====== Input data
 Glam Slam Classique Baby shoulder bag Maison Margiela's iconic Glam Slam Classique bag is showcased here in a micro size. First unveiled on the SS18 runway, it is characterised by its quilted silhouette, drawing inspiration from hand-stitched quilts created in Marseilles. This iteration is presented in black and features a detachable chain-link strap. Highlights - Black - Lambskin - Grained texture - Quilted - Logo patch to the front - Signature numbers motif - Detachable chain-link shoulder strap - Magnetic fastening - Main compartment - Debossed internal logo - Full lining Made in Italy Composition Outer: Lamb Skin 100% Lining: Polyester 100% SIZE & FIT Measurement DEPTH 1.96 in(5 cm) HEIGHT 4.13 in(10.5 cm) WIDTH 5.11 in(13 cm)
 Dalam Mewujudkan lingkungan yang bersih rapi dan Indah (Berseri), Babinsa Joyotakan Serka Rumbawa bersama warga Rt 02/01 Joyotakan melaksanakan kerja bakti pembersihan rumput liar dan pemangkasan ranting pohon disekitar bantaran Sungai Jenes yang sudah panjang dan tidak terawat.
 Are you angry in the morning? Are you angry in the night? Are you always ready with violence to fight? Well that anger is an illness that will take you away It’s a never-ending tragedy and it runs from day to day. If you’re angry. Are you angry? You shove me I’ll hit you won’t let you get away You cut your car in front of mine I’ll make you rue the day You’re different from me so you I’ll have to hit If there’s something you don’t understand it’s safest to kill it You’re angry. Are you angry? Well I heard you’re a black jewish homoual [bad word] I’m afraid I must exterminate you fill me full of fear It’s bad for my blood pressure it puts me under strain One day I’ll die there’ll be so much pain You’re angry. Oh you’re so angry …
============
====== Input data
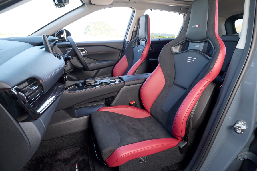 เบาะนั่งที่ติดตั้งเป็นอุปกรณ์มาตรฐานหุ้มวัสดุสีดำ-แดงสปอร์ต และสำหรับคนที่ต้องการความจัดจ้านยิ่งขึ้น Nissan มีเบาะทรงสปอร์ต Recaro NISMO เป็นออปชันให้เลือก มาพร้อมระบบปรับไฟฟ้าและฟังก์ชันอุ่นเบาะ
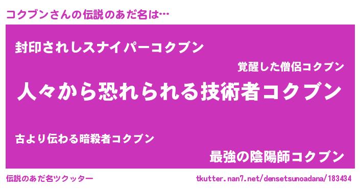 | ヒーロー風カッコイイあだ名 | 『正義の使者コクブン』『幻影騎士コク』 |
============
Print from the line containing "NISMO เป็นออปชันให้เลือก มาพร้อมระบบปรับไฟฟ้าและฟังก์ชันอุ่นเบาะ" through the line containing "ヒーロー風カッコイイあだ名 | 『正義の使者コクブン』『幻影騎士コク』 |" in the data above, exactly as the lines stand, and omit every picture.

Result of the task:
 เบาะนั่งที่ติดตั้งเป็นอุปกรณ์มาตรฐานหุ้มวัสดุสีดำ-แดงสปอร์ต และสำหรับคนที่ต้องการความจัดจ้านยิ่งขึ้น Nissan มีเบาะทรงสปอร์ต Recaro NISMO เป็นออปชันให้เลือก มาพร้อมระบบปรับไฟฟ้าและฟังก์ชันอุ่นเบาะ
 | ヒーロー風カッコイイあだ名 | 『正義の使者コクブン』『幻影騎士コク』 |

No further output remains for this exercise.